Quote 1
"Hark to this, ma'am," [Mr. Peggotty] returned, slowly and quietly. "You know what it is to love your child. So do I. If she was a hundred times my child, I couldn't love her more. You doen't know what it is to lose your child. I do. All the heaps of riches in the wureld would be nowt to me (if they was mine) to buy her back! But, save her from this disgrace, and she shall never be disgraced by us. Not one of us that she's growed up among, not one of us that's lived along with her and had her for their all in all, these many year, will ever look upon her pritty face again. We'll be content to let her be; we'll be content to think of her, far off, as if she was underneath another sun and sky; we'll be content to trust her to her husband,—to her little children, p'raps,—and bide the time when all of us shall be alike in quality afore our God!" (32.110)
Even though Mr.
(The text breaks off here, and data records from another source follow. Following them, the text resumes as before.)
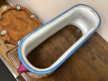 Lot 422 , A 19th century Paris porcelain planter, hand painted with a wine making scene and kitchen scene, with lead liner, 55cm wide
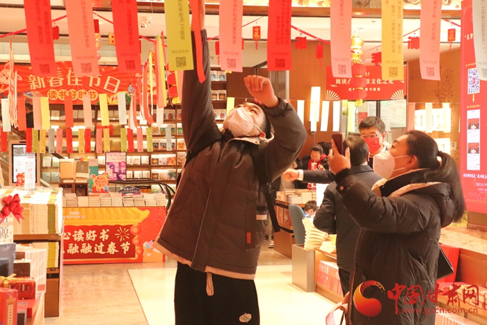 記者走進(jìn)節(jié)日的新華書店,五顏六色的元宵燈謎和大紅燈籠交相輝映,營(yíng)造出喜氣洋洋的節(jié)日氛圍。
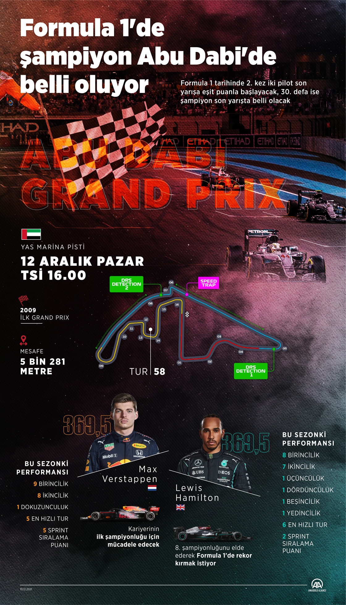 Formula 1 Dünya Şampiyonası'nda sezonun 22. ve son yarışı, Birleşik Arap Emirlikleri'nde yapılacak. (Grafik: Yasin Demirci / AA)
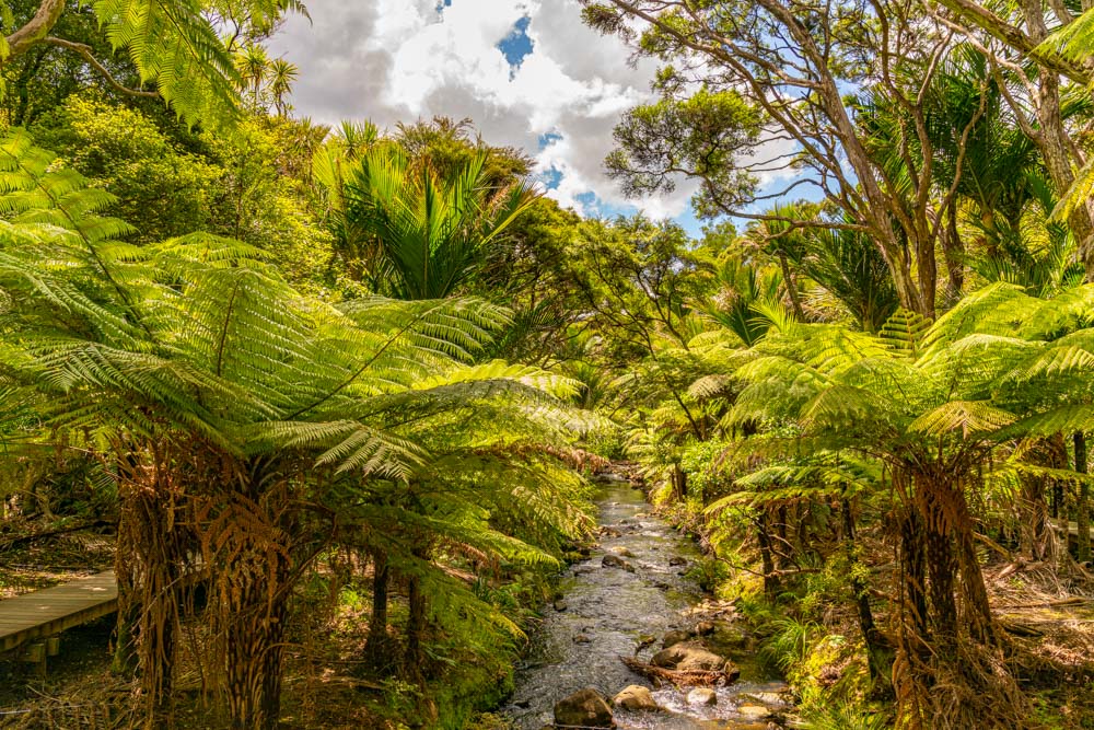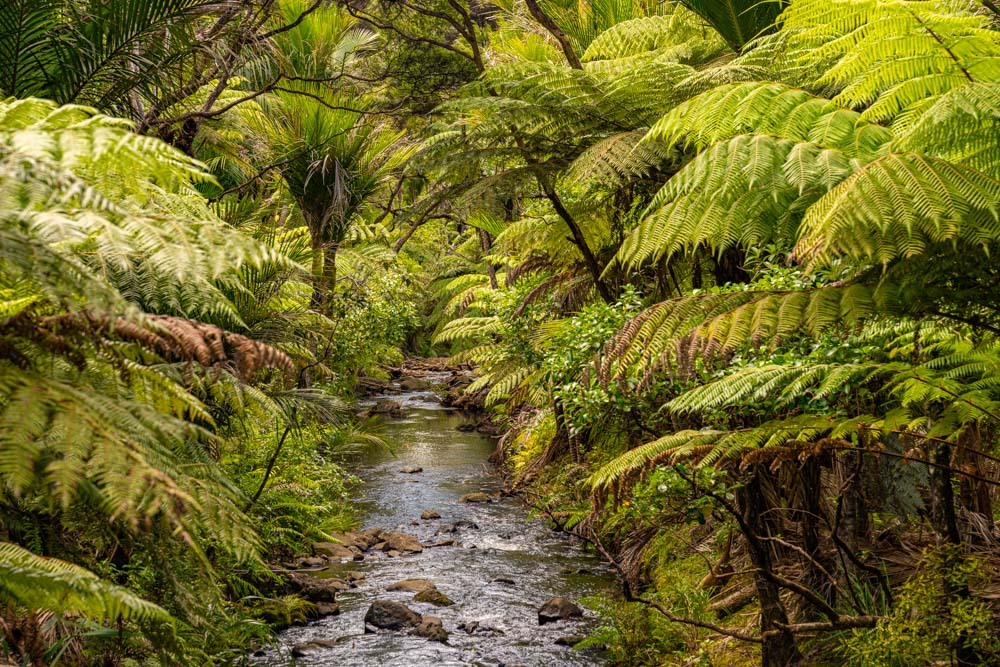 Piha Stream babbles its way off the craters rim.
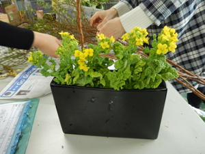 濱「菜の花~春ですね。」近「花器を黒にして、あまり野の感じがでないデザインにしたいと思います。」
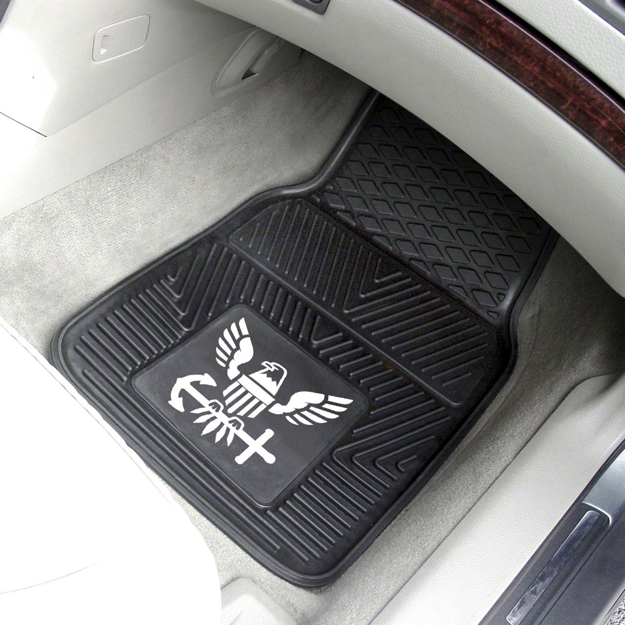 Application. These Vinyl Front Floor Mats with U.S. Navy Logo are a universal fitment product; some adaptation may be required depending on your vehicle’s make and model.
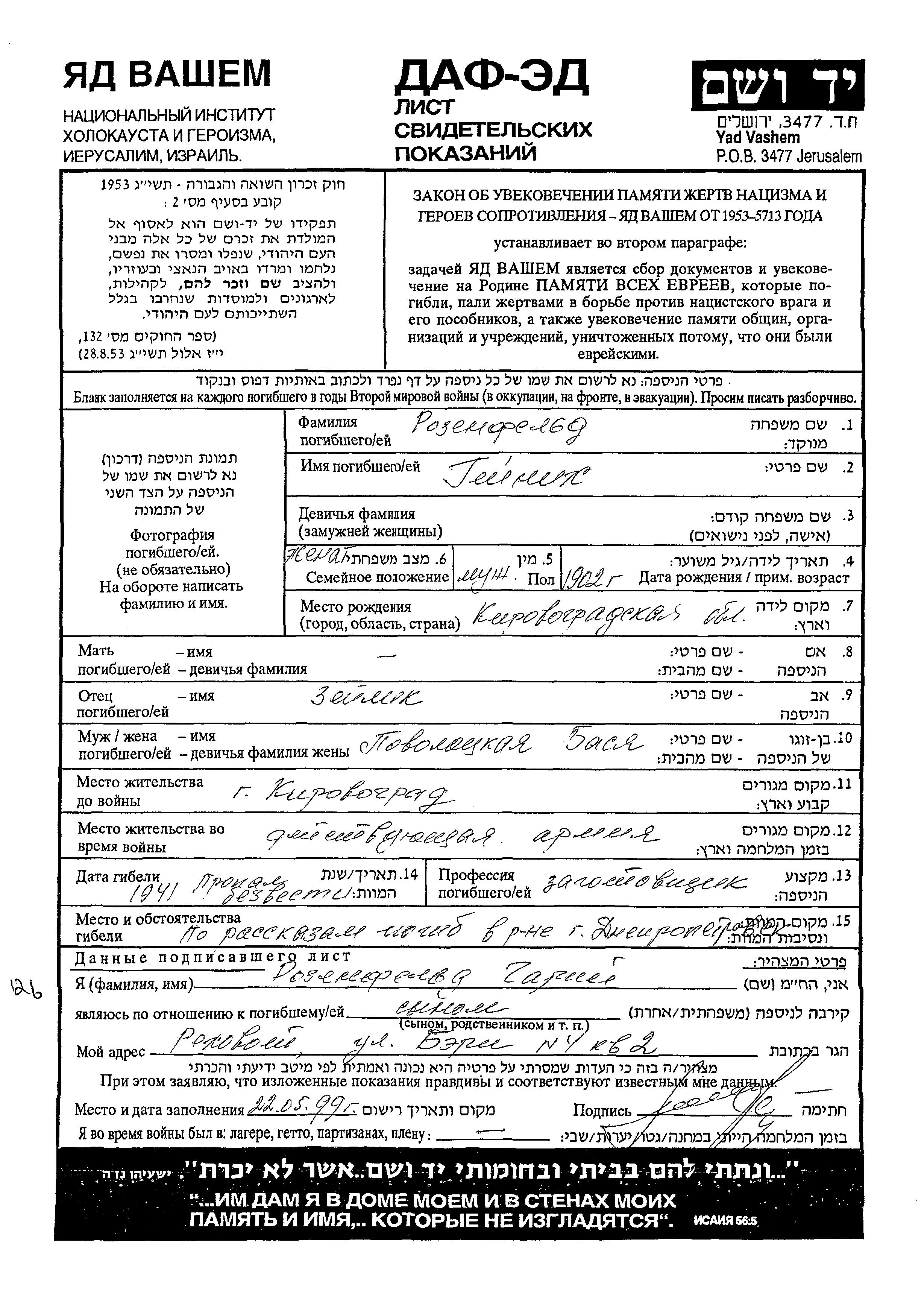 Geinikh Rozenfeld wurde im Jahr 1902 in Kirovograd, Ukraine (UdSSR) geboren. Er war der Sohn von Zeilik. Er war Lieferant und mit Basya Verheiratet. Vor dem Zweiten Weltkrieg lebte er in Kirovograd, Ukraine (UdSSR). Während des Krieges war er in die Sowjetischen Streitkräfte.

Peggotty knows that it will get no results, he confronts Mrs. Steerforth to ask her if Steerforth will marry his niece. And Mr. Peggotty is so self-sacrificing that he promises all of Emily's poor relations will swear never to see her again if it will mean that Emily will be able to marry a man as high above her social class as Steerforth. Mr. Peggotty is totally aware of the realities of the world, he knows that Mrs. Steerforth would be ashamed to be related by marriage to a fisherman, but he hopes to appeal to her common feeling ("You know what it is to love your child. So do I.") to persuade Mrs. Steerforth to have pity. This willingness never to see Emily again if it will make Emily happy and save her from disgrace contrasts strongly with Mrs. Steerforth's unwillingness to see Steerforth again. After all, Mrs. Steerforth's reasons are purely selfish: she can't stand that her son has chosen to run away with another woman, that Steerforth has chosen Emily over his own mother (um?).